Effect of desiccation cracking on the fluid transfer process in agricultural soil

The natural soil structure can be strongly modified and generate heterogeneities during wetting and drying processes. This significantly affects the transfer of fluids and nutrients between the atmosphere, the subsoil, the hydrosphere and the biosphere. Experimental observations on a Cutanic Luvisol from agricultural field in Gembloux, Belgium, by using X-ray microtomography coupled with 3D image analysis have shown the cracking phenomenon occurring and leading to preferential flows in the soil sample during a drainage process.

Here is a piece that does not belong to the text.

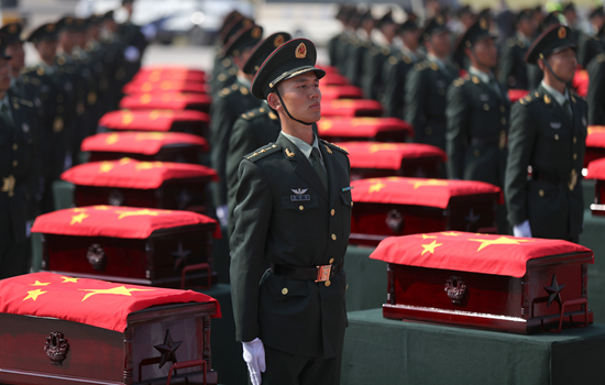鲜艳的五星红旗覆盖在棺椁上,117名礼兵护送棺椁来到摆放区。灿烂的阳光下,庄严肃立的中国武警卫士军乐团奏响《思念曲》,现场全体人员脱帽,向烈士遗骸三鞠躬。
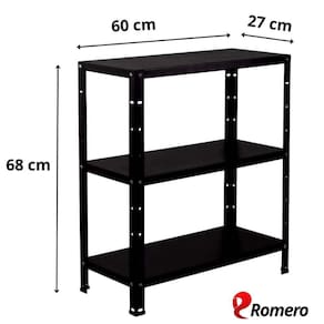 Prateleira Estante Armário Aço 3 Bandejas 60cm Preto Romero

In order to better understand the impact of cracks on the behaviour of this soil type, in this study, we have proposed a numerical modelling of soil evaporation process by using the constitutive models implemented in the finite element code LAGAMINE. Considering that the soil we study is a loamy soil, we have chosen to fit the dual model of Durner (Durner, 1994) for the water retention capacity. The drying kinetics is modelled using the boundary layer model (Gerard et al., 2010), assuming that the vapour and heat transfers take place in a boundary layer at the surface of the porous medium. The embedded fracture model is chosen to represent the development of the fractures in porous medium in which fracture opening is activated by a threshold strain parameter (Olivella et Alonso, 2008). The results obtained have shown that an increase in permeability in the fracture zones makes the permeability tensor anisotropic up to one order and thus strongly modifies the drying kinetics of the soil core (e.g., evaporation rate). The results also have suggested that using a simple concept of cracking development, a continuum model is capable of modelling preferential flows developed in a fractured porous medium such as agricultural soil.